ALTOONA, WI - Now here’s a telling measure of how weird our political system has gotten. The Republican Party is more unpopular than it’s been in nearly 25 years and is turning more people off with each passing day, yet the GOP is undeniably the majority party in this country.

Republicans control Congress. They control two-thirds of statehouses across America. Here in Wisconsin, they control a majority of congressional seats, both houses of the state legislature, the governor’s office and the state Supreme Court.

Elections don’t lie. As much as voters dislike the Republicans, they’ve repeatedly shown they’d rather have Republicans running the government than Democrats.

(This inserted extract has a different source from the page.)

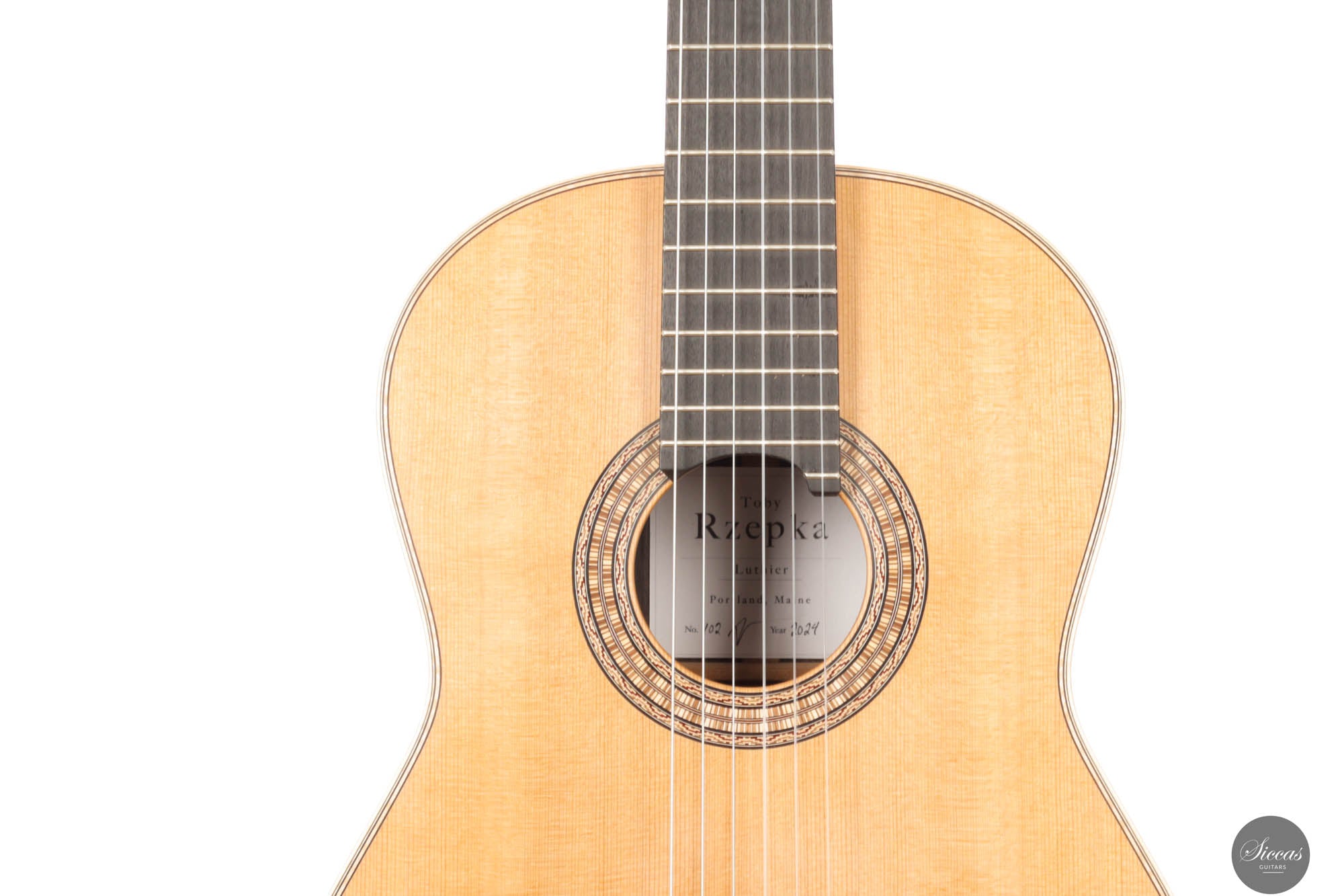 Toby Rzepka begann seinen Weg im Gitarrenbau vor über zwei Jahrzehnten, im Jahr 2001, nachdem er bei Walter Stanul an der School of the Museum of Fine Arts in Boston studiert hatte. Anschließend verfeinerte er seine Fähigkeiten bei dem renommierten US-Gitarrenbauer Stephan Connor und widmete sich später dem Studium von Barock- und Renaissanceluthierie am West Dean College of Arts and Conservation in England. Für sein Engagement und Talent wurde er 2008 mit dem President’s Award und einer Auszeichnung geehrt. Für Toby ist der klassische Gitarrenbau keine statische Tradition, sondern eine sich ständig weiterentwickelnde Kunstform. Er verbindet Innovation mit der Wertschätzung für die frühen Meister und vereint moderne Klangdesign-Techniken mit klassischer Ästhetik.

The Democratic establishment shows little willingness to change and little openness to outside advice. In all likelihood this will fall on deaf ears, but here goes anyway. Democrats, you won’t likely find your way out of the political wilderness unless you:

  • Stop trying to shame voters into backing candidates that wide swaths of the population find unappealing with scare tactics about what disaster will befall us if the latest ever-more-extreme Republican wins and how the catastrophe will be all their fault if they don’t vote Democratic. Only saying the other side is worse is an admission that your side is bad. Aspire to thrill voters instead.
  • Stop blaming voters for your defeats with the lame excuse that they are voting against their own best interests. Figure out how they see their interests and make them a better offer. Voters can be persuaded to realign. FDR turned a whole bunch of Republicans into Democrats, and Reagan turned a bunch of Democrats into Republicans. If you are consistently falling short of 50% in elections, that’s not the voters’ fault. It’s on the losing party to do something different to become more appealing to more people.
  • Stop using the vast Republican spin machine as an excuse for repeated losses. Of course opponents go to great lengths to badmouth you. Always have and always will. You can’t control that. Focus on what you can control.
  • Focus less on policies that benefit a particular constituency and more on programs with universal reach where everyone pays and everyone benefits. Wisconsin Democrats staked the last several elections on bargaining rights for a small minority of the state’s workers in just one sector of the economy, and lost decisively. This kind of strategy reinforces the image of a party devoted to benefiting favored interests and also makes the party vulnerable to divide-and-conquer tactics that were indeed successfully employed by Republican opponents.
  • Think long and hard about the fact that lower-income white working-class voters, especially those living in small towns and rural areas, used to support Democrats but most no longer do. There’s no shortage of clues about why they now prefer the Republicans. In those clues is a call to think bigger, to start doing things for blue-collar workers the Republicans won’t. Rebuilding governing majorities depends on it.
  • Try to become more than a confederation of interest groups, confined to their own issue silos, operating largely in isolation and sometimes even working at cross purposes. Doing this requires agreeing on and then expressing overarching values that knit these interests together. Republicans do a far better job staying focused on bedrock values while Democrats concentrate on issues and try to persuade people with a torrent of facts while not being willing or able to confidently describe a coherent underlying world view.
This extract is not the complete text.